- DATASET EXCERPT -
+ + +
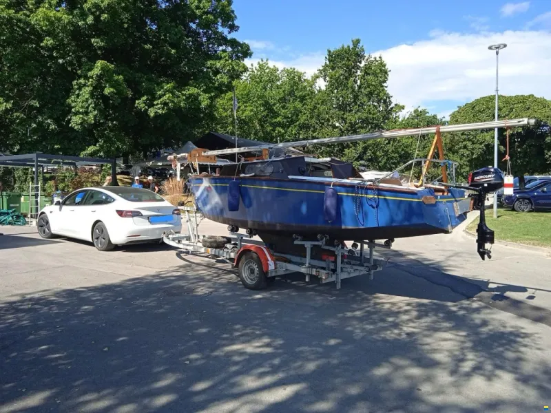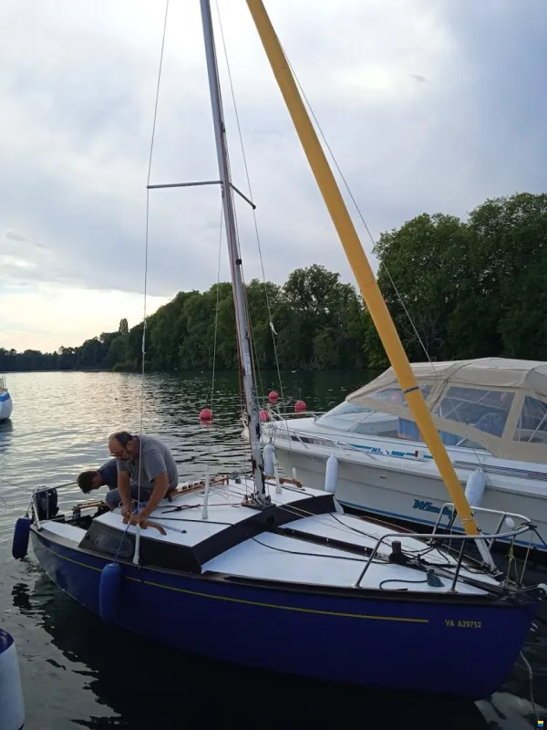Das Boot wird mit Trailer und allem, was Sie zum Segeln brauchen, verkauft: Motor, Großsegel, Genua, Spinnaker, Bojen, Planen, Schwimmwesten etc. Es ist segelfertig.
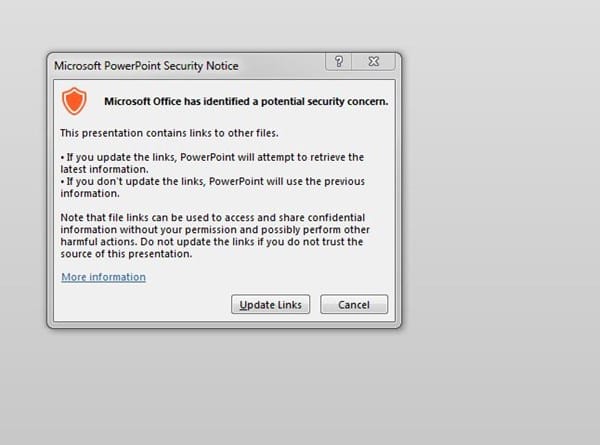 A crear una macro en excel para que seleccione todos los archivos de powerpoint presents en una carpeta los abra y de clic en Update Links, y los cierre guardado los cambios
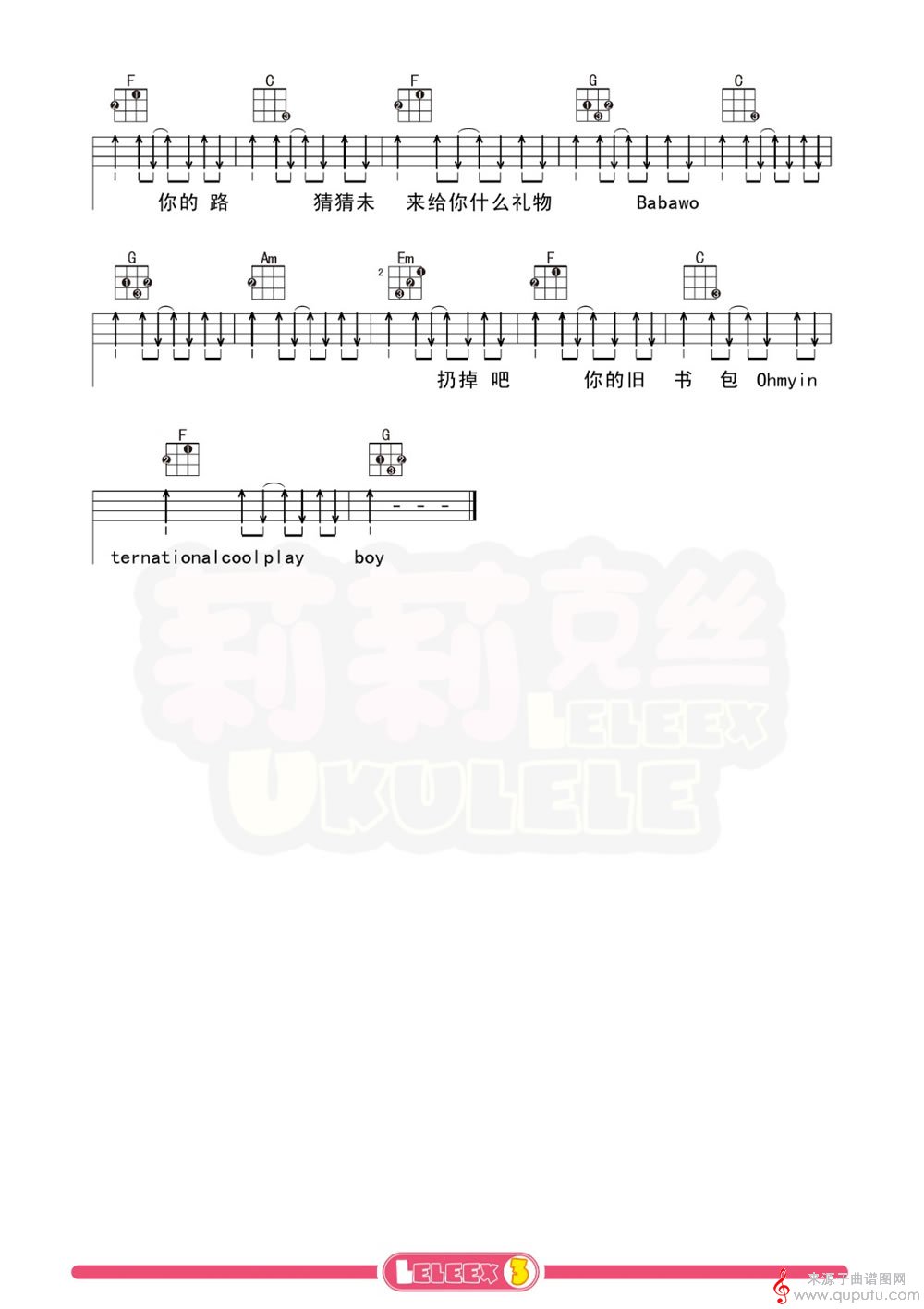 曲谱图网为您提供New boy(尤克里里弹唱教学和弦四线简谱)找谱子,就上曲谱图网。
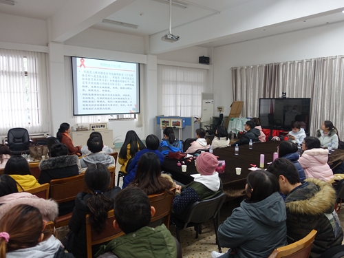 孟文华副经理从艾滋病传播途径、艾滋病疫情及风险、艾滋病预防、艾滋病的危害及相关政策法规等五个方面展开讲述。她指出,一个健康人从感染上艾滋病毒到死亡会经历HIV急性感染期、无症状期(潜伏期)、发病期等三个阶段,潜伏期虽然没有症状,但是依旧可以把体内携带的病毒传播给他人。她表示,预防艾滋病应当控制传染源,切断传播途径并且保护易感人群。此外,她结合全球艾滋病疫情概况、长沙市疫情概况等具体数据分析了现今艾滋病的疫情状况,着重强调了艾滋病对个人、家庭、经济和社会的发展等方面会产生的危害。
+ + +
- INSTRUCTIONS FOR THE TASK -
Please retype all of the material exactly, skipping whatever images it holds.

- RESULT OF THE EXERCISE -
Das Boot wird mit Trailer und allem, was Sie zum Segeln brauchen, verkauft: Motor, Großsegel, Genua, Spinnaker, Bojen, Planen, Schwimmwesten etc. Es ist segelfertig.
 A crear una macro en excel para que seleccione todos los archivos de powerpoint presents en una carpeta los abra y de clic en Update Links, y los cierre guardado los cambios
 曲谱图网为您提供New boy(尤克里里弹唱教学和弦四线简谱)找谱子,就上曲谱图网。
 孟文华副经理从艾滋病传播途径、艾滋病疫情及风险、艾滋病预防、艾滋病的危害及相关政策法规等五个方面展开讲述。她指出,一个健康人从感染上艾滋病毒到死亡会经历HIV急性感染期、无症状期(潜伏期)、发病期等三个阶段,潜伏期虽然没有症状,但是依旧可以把体内携带的病毒传播给他人。她表示,预防艾滋病应当控制传染源,切断传播途径并且保护易感人群。此外,她结合全球艾滋病疫情概况、长沙市疫情概况等具体数据分析了现今艾滋病的疫情状况,着重强调了艾滋病对个人、家庭、经济和社会的发展等方面会产生的危害。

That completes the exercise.